While setting up my new hardware, I reflected on the limitations and tribulations I experienced working on the first iteration. The current iteration is unlikely to be the last, hence I wanted to identify and resolve any issues while I had this opportunity. After reviewing each of my write-ups from the previous iteration, I came to the following conclusions:
- Infra as code is non-negotiable → services definitions, configurations, etc. must be declarative and version controlled
- Solutions that just work are not good enough → do it right or don’t do it at all
- Sweat the small stuff → omissions and undocumented ad hoc decisions introduce undue ambiguity
Henceforth, all services will be defined as compose files and deployed using podman-compose (although Quadlet is the preferred option with Podman, it and podlet do not support string interpolation, which I use for both volume and environment variable configuration). Such files are self-documenting and unambiguous, perfect for repeatable deployments.

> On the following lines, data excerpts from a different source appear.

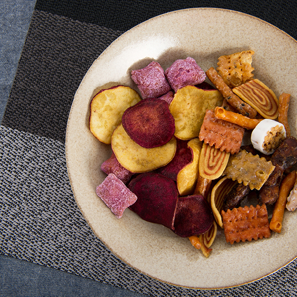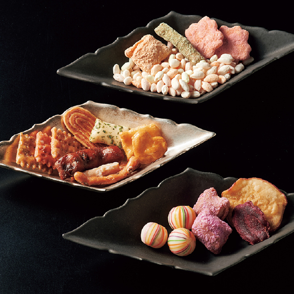 卵せんべいの生地にピーナツバターを練り込み、えんどう豆、そら豆、焙煎黒豆をトッピングした1袋で3種類の味が楽しめる商品です。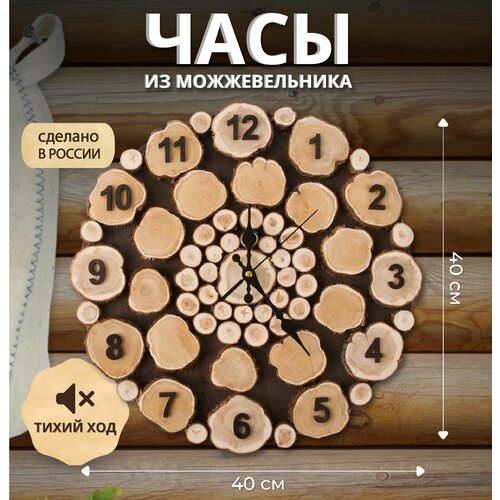 Настенные часы из спилов можжевельника – это прекрасный выбор для тех, кто ценит уникальность и красоту в деталях своего дома. Оригинальный дизайн с открытым циферблатом позволяет сполна насладиться красотой природного материала, из которого изготовлены наши часы для дачи – спилы можжевельника. Созданные с любовью и вниманием к каждой детали, деревянные часы обладают не только эстетическим привлекательным дизайном, но и приятным ароматом, который наполнит ваше помещение теплотой и уютом. Эти часы также идеальны в качестве подарка на любой праздник. Команда мастеров Люблю баню готова поделиться своими знаниями и опытом с вами. Они станут особенным дополнением к интерьеру, придавая ему особую ноту изысканности и неповторимости. Закажите прямо сейчас деревянные часы для бани и насладитесь идеальной гармонией красоты и полезности. Не упустите возможность сделать свою баню уникальной и запоминающейся. Эти часы представляют собой не только функциональный предмет, но и произведение искусства, которое придает особую ауру и стиль вашему интерьеру. Благодаря своей универсальности, часы из можжевельника могут стать как главным акцентом в оформлении комнаты, так и просто удачным дополнением к уже существующему интерьеру. Мы прекрасно понимаем важность создания здоровой и полезной обстановки в вашем доме, поэтому при изготовлении наших часов мы используем только натуральные материалы и стараемся сохранить их полезные свойства. Настенные часы прекрасно подойдут для декора дома и оформления других различных помещений – вашей бани, сауны, дачи или просто квартиры. Пусть они станут неотъемлемой частью вашего дома, наполняя его атмосферой натуральности и элегантности. Они являются уникальным и необычным презентом, который подарит радость и восхищение вашим близким. Даря настенные часы из можжевельника, вы дарите не только красивую вещь, но и частичку природы, которая создаст атмосферу гармонии и спокойствия.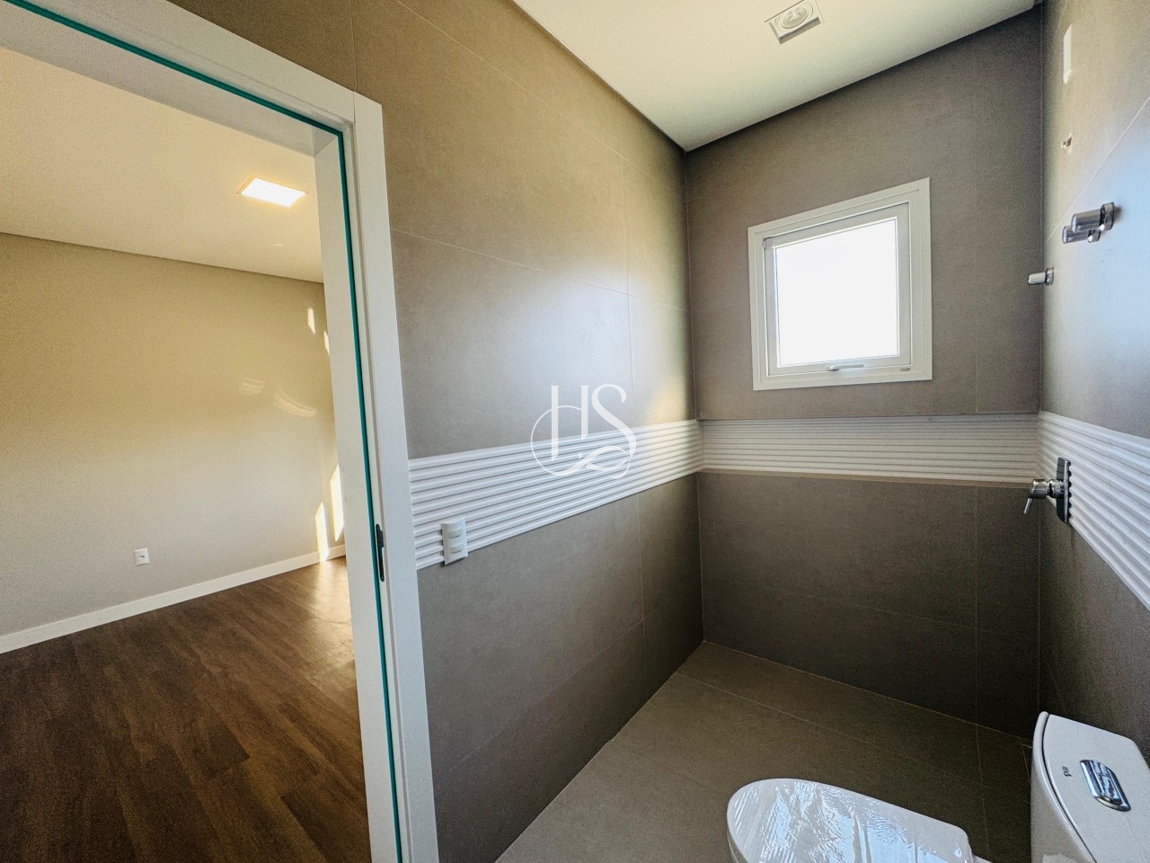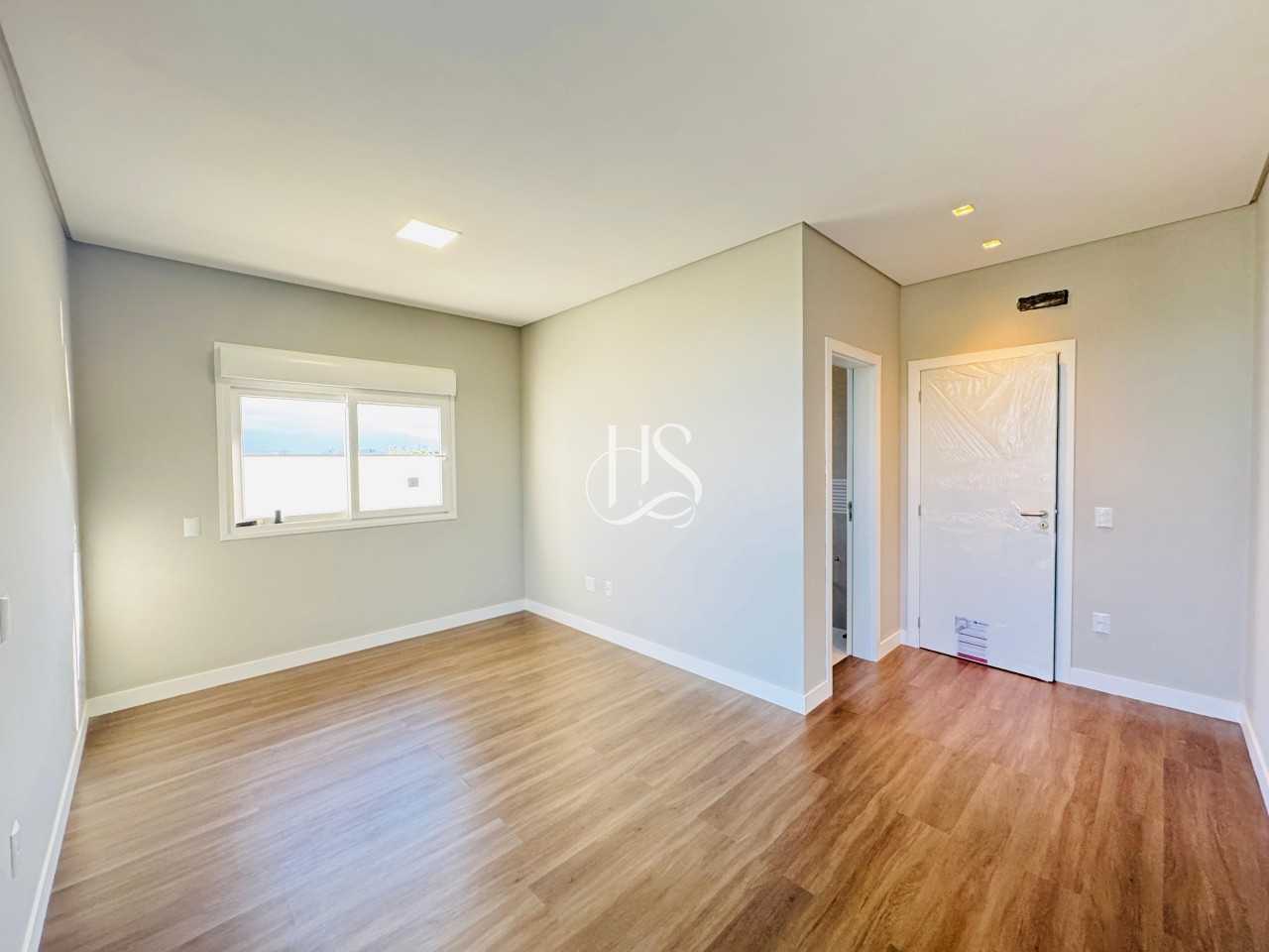 Piso porcelanato nas áreas sociais e vinílico nos quartos.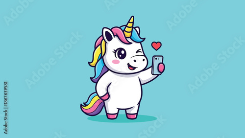 Naklejka premium Cute Unicorn Holding Smartphone with Heart Icon.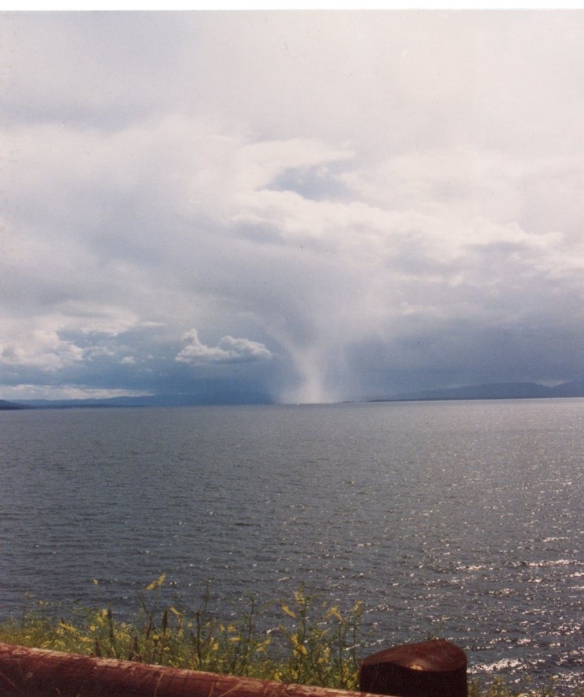 Sure enough, about a week later, I received a letter from an address in Ohio with a short note and a photo of what appeared to be a waterspout over Yellowstone Lake.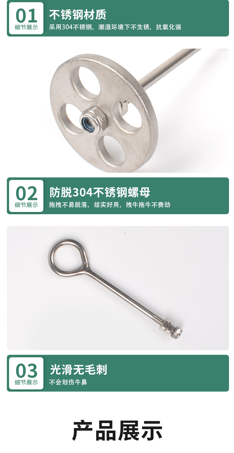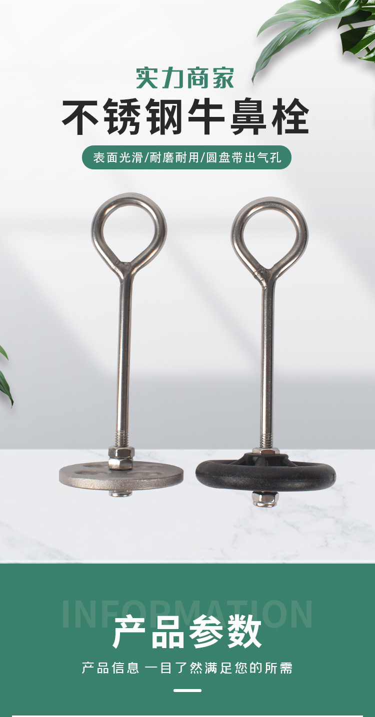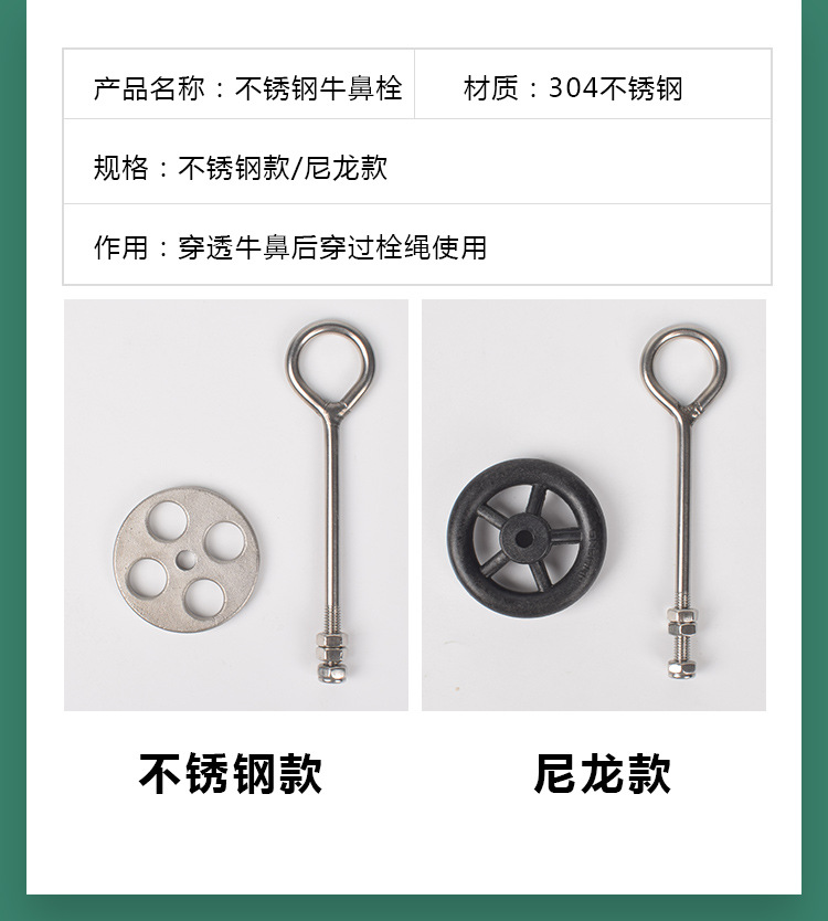 | Especificaciones del producto | Anillo de nylon gran nariz de buey Bolt 1,Una nariz de buey grande de acero inoxidable Bolt |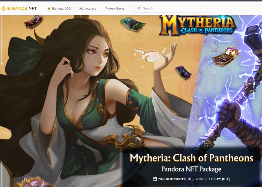 Та самая Mytheria которая выходила на Redkite/Gamefi/KAIstarter, которая является инкуб проектом Kardiachain анонсировала продажу своих боксов на Binance NFT.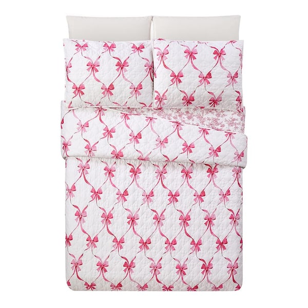 Abigail 3-Piece Pink/White Bow Microfiber Full/Queen Quilt Set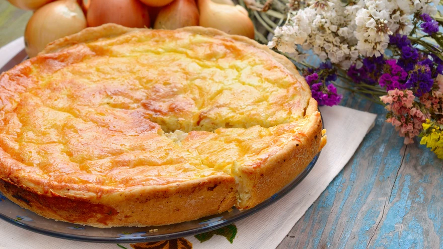 • Vahusta munad, lisa koor ja riivjuust, sega. Sega pool muna-kooresegust sibulatäidisele.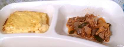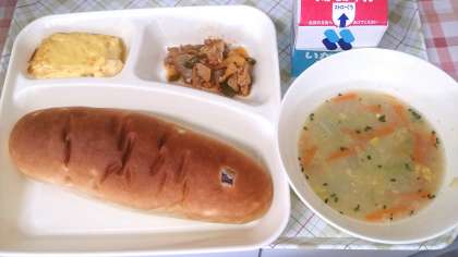 今日の給食は、鶏肉のケチャップソテー、コーンスープ、焼きプリン、パン、牛乳です。
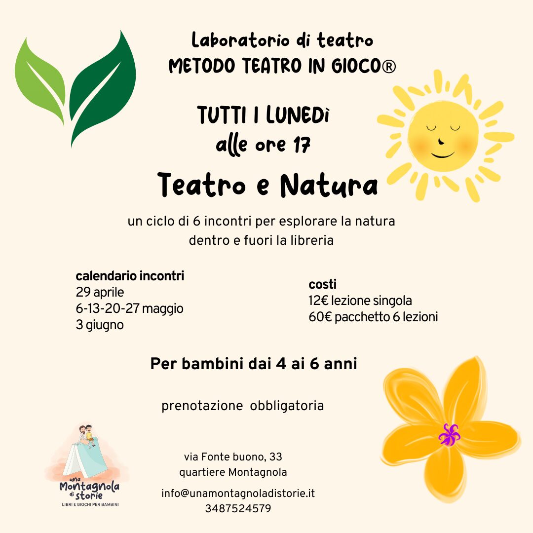 Teatro e Natura Tutti i lunedì ore 17 nuovo ciclo di incontri del laboratorio teatrale con il Metodo Teatro in Gioco® PER BAMBINI E BAMBINE DAI 4 AI 6 ANNI. Esploreremo insieme la natura, dentro e fuori la libreria. Di seguito il calendario degli appuntamenti: 29 aprile 6-13-20-27 maggio 3 giugno Il costo è di 12€… Leggi tutto »Teatro e Natura – Laboratorio teatro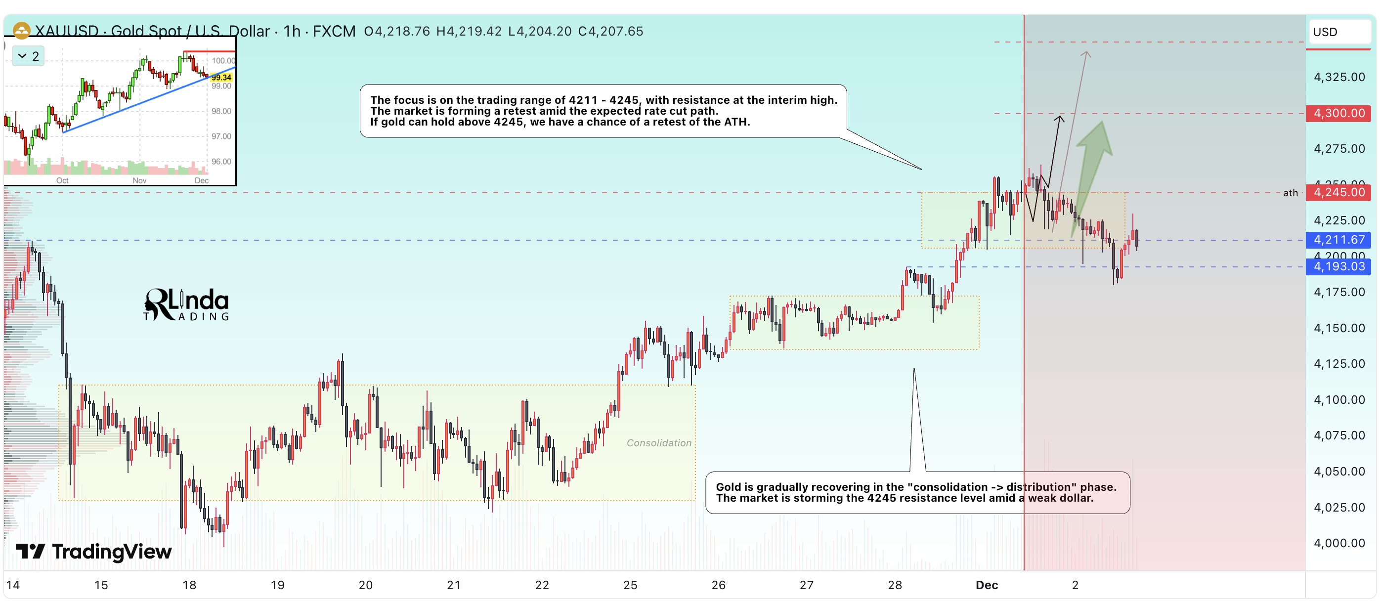 Key levels to watch include resistance at $4,245 and $4,300, and support at $4,211 and $4,193.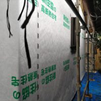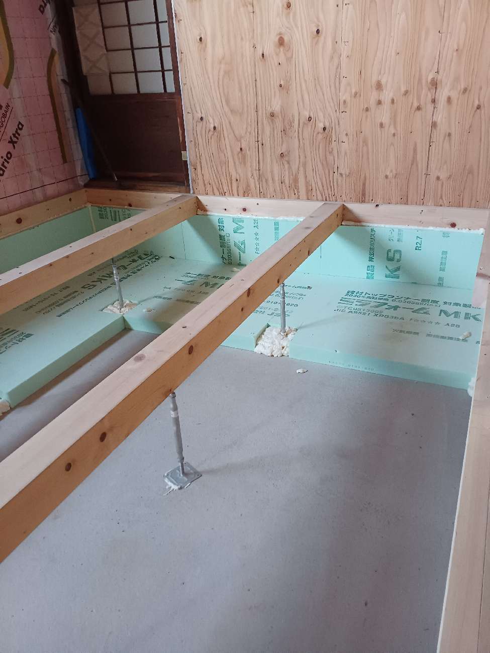 壁のグラスウール断熱材、基礎のスタイロフォーム断熱材の敷設。今までは旧い建て方でしたので土壁以外に断熱材が入っておらず、冬はさぞかし底冷えがしたことだと思います。こうしてばっちりと断熱材の敷設をし、夏涼しく冬暖かい住宅に生まれ変わっていきます。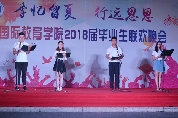 本网讯(通讯员 王权 殷浩宇)6月25日,国际教育学院在南湖校区老图书馆楼前举办“季忆留夏,行远思恩”2018届毕业生联欢晚会。

In the migration process, warnings from previous posts will be addressed; namely, the “unprivileged users vs privileged ports” problem with AdGuard Home and Caddy. A major motivation of this whole endeavour is to learn more about network security and system security, thus it is counterproductive to tolerate insecure configurations for the sake of convenience.
As part of sweating the small stuff, I wanted to put together a network diagram for my own sake. So here it is:
Note that I’ve already defined and deployed everything as compose files using secure configurations, I’m just behind on making write-ups for them :P. https://github.com/cbarkr/homelab will always have the latest scoop, though.
Summary
This post describes my next steps in rebuilding the homelab.